At first, Jair Bolsonaro remained silent for days, then he only managed to make a half-hearted explanation. Brazil’s ousted head of state has announced that he will not stand in the way of a change of government. He still doesn’t want to talk about a defeat.
Even two days after the presidential election in Brazil, right-wing head of state Jair Bolsonaro has still not explicitly acknowledged his defeat. “I want to thank the 58 million Brazilians who voted for me on October 30,” Bolsonaro said in a brief statement at his residence in Brasília on Tuesday (local time). “As President and as a citizen, I will continue to fulfill all the requirements of our Constitution.”
However, he does not want to stand in the way of the handover of power to the election winner, Luiz Inácio Lula da Silva. “President Jair Bolsonaro has authorized us on the basis of the law to initiate the process of changing the government,” said Ciro Nogueira, head of cabinet. However, the transfer of power is regulated by law anyway, and approval by the outgoing government is not required.
The judiciary of the largest country in Latin America apparently took this as an admission of defeat. “The judges reiterate the official statement that underlined the importance of the President of the Republic’s recognition of the final election result with the determination to start the transition process,” the Supreme Court said in a statement Tuesday after a meeting with Bolsonaro. “He said it was over, so let’s look ahead,” said judge Luiz Edson Fachin on Globo television.
At the working level, channels have already been laid for the preparations for the change of power. According to media reports, head of cabinet Nogueira has already spoken to Lula’s head of communications Edinho Silva. In addition, Lula’s future Vice President Geraldo Alckmin phoned Bolsonaro’s deputy Hamilton Mourão. Lula is scheduled to take office on January 1, 2023.
Jair Bolsonaro had repeatedly expressed doubts about the electoral system
Lula received 50.9 percent of the vote in the runoff on Sunday, Bolsonaro got 49.1 percent. The president who has now been voted out had repeatedly expressed doubts about the electoral system before the vote and indicated that he might not recognize the result. Observers feared violent protests from his supporters, some of whom were armed, should Bolsonaro question the election result and speak of manipulation.
In his two-minute speech, Bolsonaro again cast doubt on the legality of the vote and expressed understanding for his supporters, who have blocked numerous highways across the country in the past few days. “The current demonstrations are the result of outrage and a sense of injustice at the way the electoral process was conducted,” Bolsonaro said. “Peaceful demonstrations will always be welcome.”
In doing so, he was probably addressing his radical supporters, who spoke of manipulation immediately after Lula’s election victory and who probably would not have appreciated an admission of defeat.
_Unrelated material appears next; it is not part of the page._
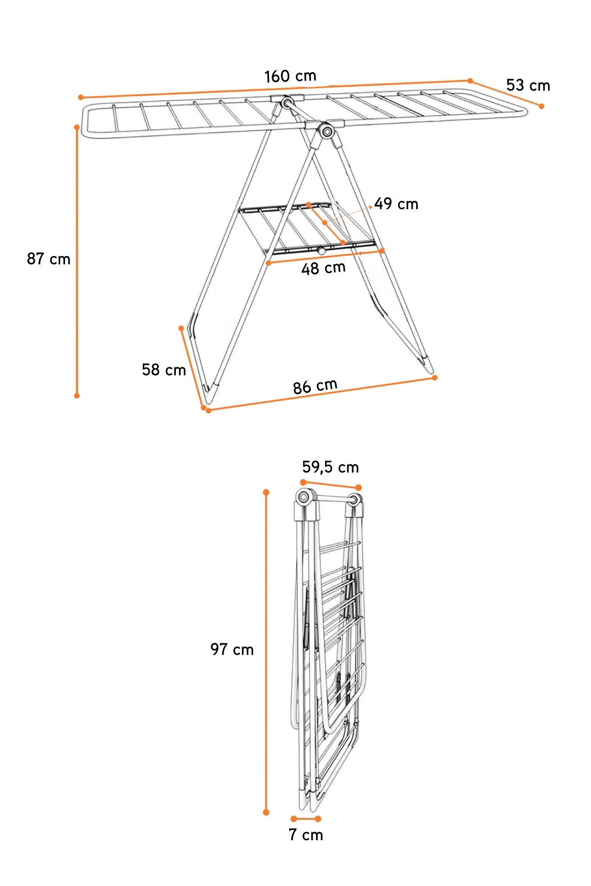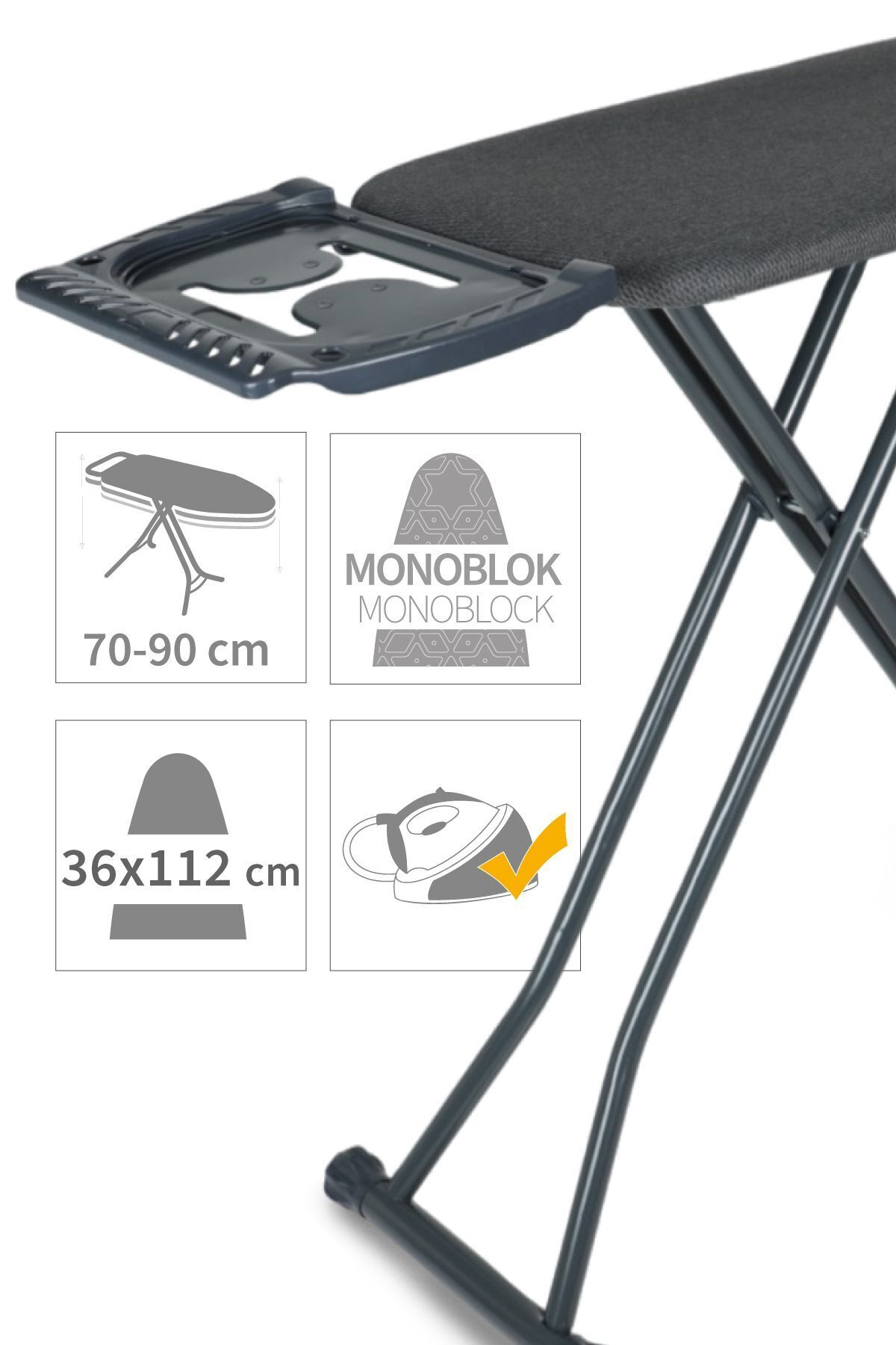 Silvia Ironing Board Ironika Drying Set with Thick Pipe - Black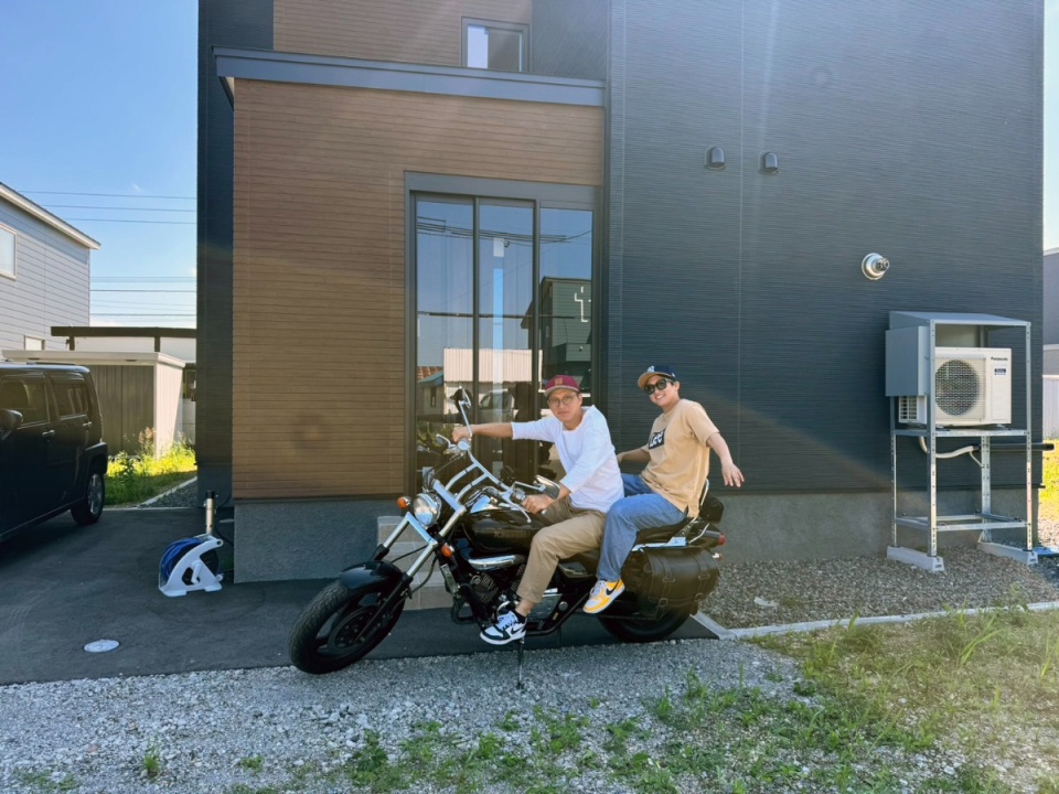 Kさん夫妻はバイクに乗るのが共通の趣味。お客さま担当の今川さんは、K邸の建設時期に普通自動二輪免許を取得し、バイクも購入したそうです。「一緒にツーリングしましょう!」と意気投合している様子に、引き渡し後も続く良好な関係性が見えました。

On the other hand, his advisers apparently made it clear to the head of state during long talks over the past few days that it would hardly be successful to question the election result.
Many Bolsonaro allies acknowledge defeat
Many of his allies, including the powerful speaker of Parliament Artur Lira, have already acknowledged Bolsonaro’s defeat. Numerous governments abroad also saw the outcome of the election as a fact: almost 90 governments congratulated Lula on his election victory, as reported by the news portal UOL.
The President of the Supreme Electoral Court, Alexandre de Moraes, had already informed both Lula and Bolsonaro about the result by telephone on election night. “The result was announced and accepted,” said Moraes. The Inter-American Union of Electoral Authorities observer mission called the elections free, fair and transparent and found no evidence of manipulation.
However, the supporters of the right-wing head of state did not want to accept this and took the protest to the streets: on Tuesday, the authorities registered over 220 street blockades by Bolsonaro supporters. The trunk roads are essential for supplying the country, and the majority of goods in Brazil are transported by truck.
Electoral Court President Moraes finally ordered the police to clear the roadblocks. In some cases, the police used tear gas against the demonstrators. “The elections are over, we live in a democratic country. No demonstration will force Brazilian democracy to retreat,” said São Paulo governor Rodrigo Garcia.